Wednesday, April 13, 2011

Morning Update/ Market Thread 4/13 - Never Ending Fantasy Edition...

Good Morning,

Equity futures are bouncing this morning, with the dollar lower, bonds lower, oil higher after bouncing off Goldman’s $105 manipulation… errr target price, gold and silver are higher, and food commodities are slightly higher after falling the past couple of days.

JPMorgan managed to “beat” estimates, doing so by marking their goliath “portfolio” to fantasy and by taking smaller loan loss reserves, particularly on credit cards. Without the reduced charge offs, earnings would have been a large miss. The truth is that JPM is 100% insolvent the day they are forced to mark their “assets” to market.

Many, including myself, are crediting “Fed” manipulation and money printing for running markets up, but don’t forget that mark-to-fantasy accounting rules are just as big a part of the illusion and no one is talking about them anymore.

By the way - why do we allow banks to even participate in speculating in equity and commodity markets? Is there really a need for that? Oh yeah, I almost forgot that the markets are all about them, owned by them, manipulated by them - and they can because they're the ones producing the money and getting the rules written for their benefit. Silly me, I almost forgot.

The still conflicted and morally bankrupt Mortgage Banker’s Association reported Purchase Applications fell 4.7% in the prior week, and the Refinance Index fell 7.7%, bringing their overall fantasy down 6.7%. Here’s Econotrip:

Highlights Purchase applications for mortgages fell back 4.7 percent in the April 8 week to only partially reverse a 6.7 percent jump in the prior week. On refinancing, the Mortgage Bankers Association which produces the report has been warning that rates have moved too high to attract much interest from creditworthy borrowers. Refinance applications fell 7.7 percent in the week to a two-month low. April may be getting off to a slow start but purchase applications did move higher in prior weeks signaling improvement for March home sales data.
Okay, I have to admit that I don’t think I can keep reporting on such drivel from such obvious shills.

Speaking of shills, Retail Sales – one of the most inaccurate reports due to measurement in dollars and survival bias – rose by “only” .4% in March, this is below Feburary’s 1.0%, and is also less than expectations. I say “only” because although at an annualized rate that’s a whopping 4.8% of unsustainable growth, but it PALES in comparison to yesterday’s import price growth of 2.7% (annualized 32.4%, and compounded for a year is over 37%!). So, retail sales not only fail to correct for stores gone out of business, but in this case they lagged import inflation by 2.3%! Thus, the reality is that retail sales are FALLING, and they are falling dramatically in real terms. Here’s Econoshill for your daily dose of rationalizing and “consumer” conditioning:

Highlights As expected, retail sales in March posted a strong gain on higher gasoline sales, helping to offset weakness in auto sales. But spending was reasonably healthy overall outside these two components. Overall retail sales advanced 0.4 percent, following a revised 1.1 percent gain in February and a revised 0.8 percent increase in January. The March boost fell short of the median market forecast for a 0.5 percent rise. Excluding autos, sales gained 0.8 percent, following a 1.1 percent increase in February. Analysts had called for a 0.7 percent boost. February increases for headline and core were originally estimated at 1.0 percent and 0.7 percent, respectively. But spending is holding up overall.

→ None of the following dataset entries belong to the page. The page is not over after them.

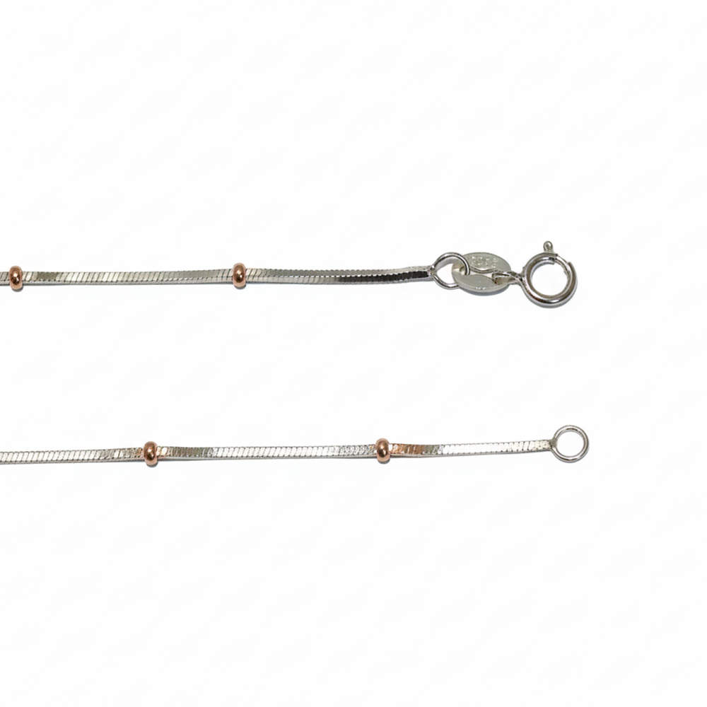 It features a sleek silver snake chain base accented with contrasting Rose Gold beads. This "Mixed Metal" look is a major trend because it allows the wearer to match the necklace with both silver and Rose gold rings or earrings. It’s a modern, sophisticated styling hack that ties your entire jewelry collection together.
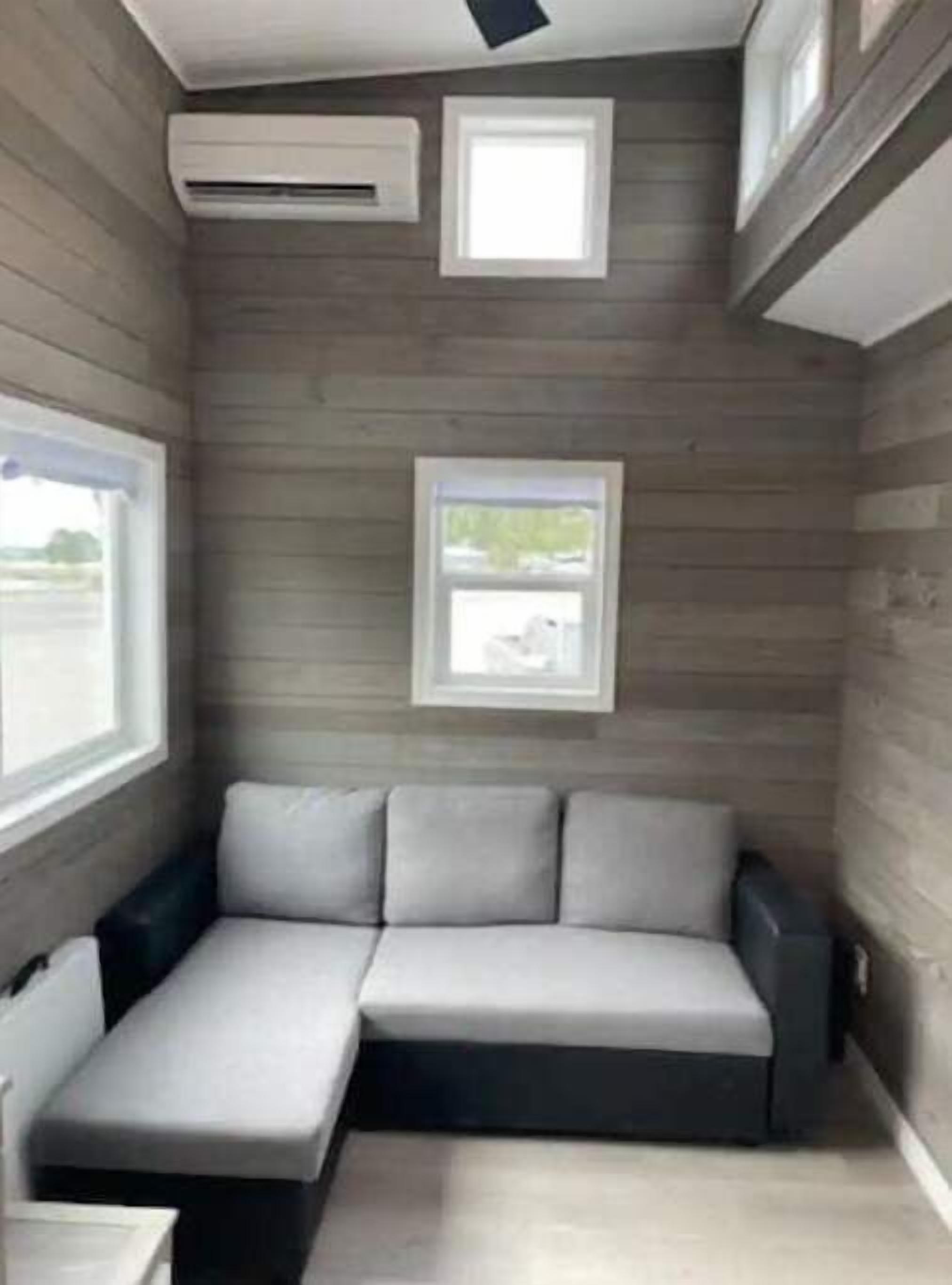 This Tiny Home has a queen size bed in the loft and full size sofa couch on the main floor. There is a TV in main living area with HDMI cable for laptop/computer. There is a microwave/convection oven, cooktop, and refrigerator. A small dining table with two chairs. The home is heated and cooled with a mini-split.
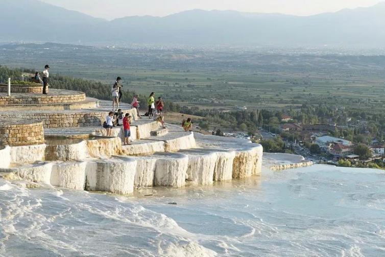 棉花堡位于土耳其西南部,如此可爱的名字,源自其外形像铺满棉花的城堡。所谓“棉花”,就是泉水从山顶往下流,所经之处历经千百年钙化沉淀,形成层层相叠的半圆形白色天然石灰岩阶梯,远看像大朵大朵棉花矗立在山丘上,更像染白了的大梯田。

Importantly, sales excluding autos and gasoline in March advanced 0.6 percent, following a 0.9 percent increase in February. Some of components that are strong include furniture & home furnishings (3.6 percent), building materials (2.2 percent), electronics & appliance stores (2.1 percent), clothing (0.6 percent), general merchandise (0.4 percent), and food services & drinking places (1.0 percent).

Overall retail sales on a year-ago basis in March slipped to 7.1 percent from 9.1 percent the prior month. Excluding motor vehicles, sales were up a year-ago 6.5 percent, following 6.8 percent in February.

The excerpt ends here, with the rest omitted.